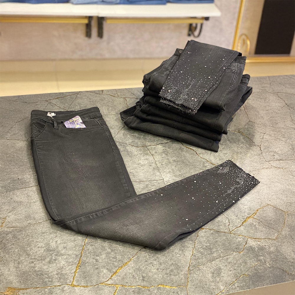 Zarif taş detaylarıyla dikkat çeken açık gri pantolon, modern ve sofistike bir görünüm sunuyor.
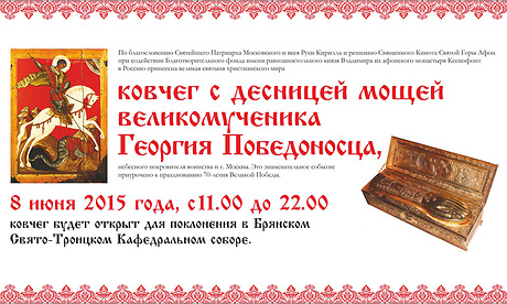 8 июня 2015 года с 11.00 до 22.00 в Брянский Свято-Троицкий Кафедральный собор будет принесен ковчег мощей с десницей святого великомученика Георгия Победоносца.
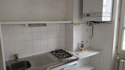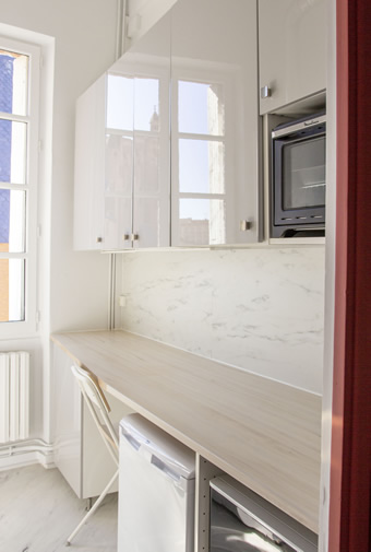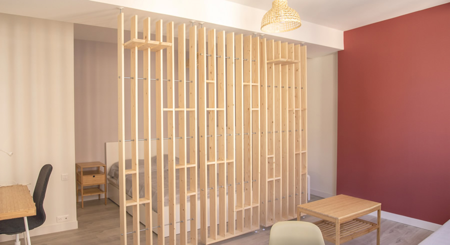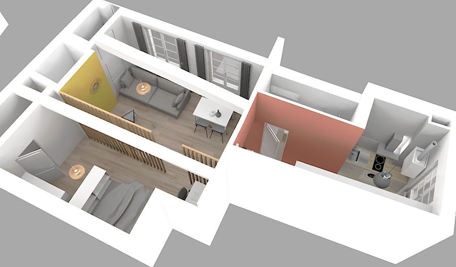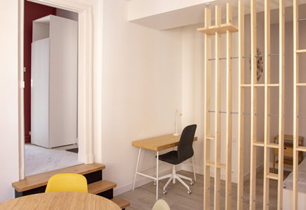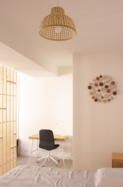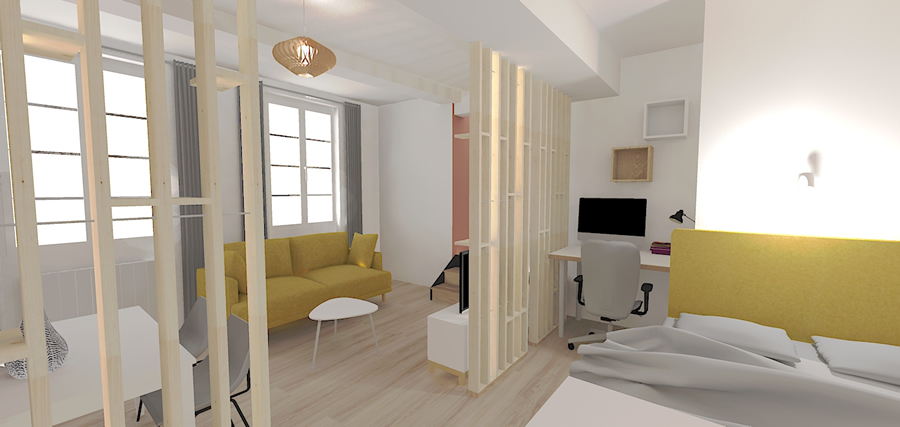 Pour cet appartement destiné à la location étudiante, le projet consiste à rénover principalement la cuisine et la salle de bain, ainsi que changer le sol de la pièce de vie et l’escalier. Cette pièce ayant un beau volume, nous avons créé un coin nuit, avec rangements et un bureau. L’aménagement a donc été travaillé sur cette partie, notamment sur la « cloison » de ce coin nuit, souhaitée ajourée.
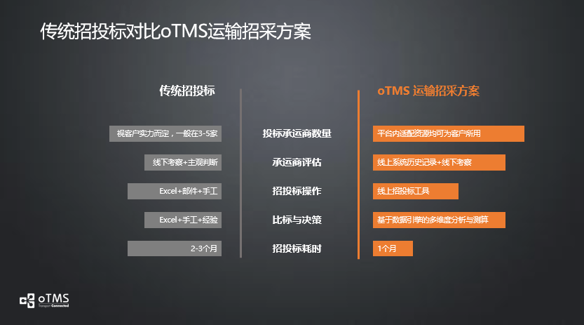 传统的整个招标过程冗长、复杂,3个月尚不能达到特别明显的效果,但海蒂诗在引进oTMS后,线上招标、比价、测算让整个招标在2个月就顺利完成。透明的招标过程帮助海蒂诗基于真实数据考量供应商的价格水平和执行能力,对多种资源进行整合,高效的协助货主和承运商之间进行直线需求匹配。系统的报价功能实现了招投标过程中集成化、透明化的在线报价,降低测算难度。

┄┄┄┄┄┄┄┄┄┄┄┄┄┄┄┄┄┄┄┄

What you will do »
Exactly as given, transcribe every line of the data, but not its images.

Solution »
 Zarif taş detaylarıyla dikkat çeken açık gri pantolon, modern ve sofistike bir görünüm sunuyor.
 8 июня 2015 года с 11.00 до 22.00 в Брянский Свято-Троицкий Кафедральный собор будет принесен ковчег мощей с десницей святого великомученика Георгия Победоносца.
 Pour cet appartement destiné à la location étudiante, le projet consiste à rénover principalement la cuisine et la salle de bain, ainsi que changer le sol de la pièce de vie et l’escalier. Cette pièce ayant un beau volume, nous avons créé un coin nuit, avec rangements et un bureau. L’aménagement a donc été travaillé sur cette partie, notamment sur la « cloison » de ce coin nuit, souhaitée ajourée.
 传统的整个招标过程冗长、复杂,3个月尚不能达到特别明显的效果,但海蒂诗在引进oTMS后,线上招标、比价、测算让整个招标在2个月就顺利完成。透明的招标过程帮助海蒂诗基于真实数据考量供应商的价格水平和执行能力,对多种资源进行整合,高效的协助货主和承运商之间进行直线需求匹配。系统的报价功能实现了招投标过程中集成化、透明化的在线报价,降低测算难度。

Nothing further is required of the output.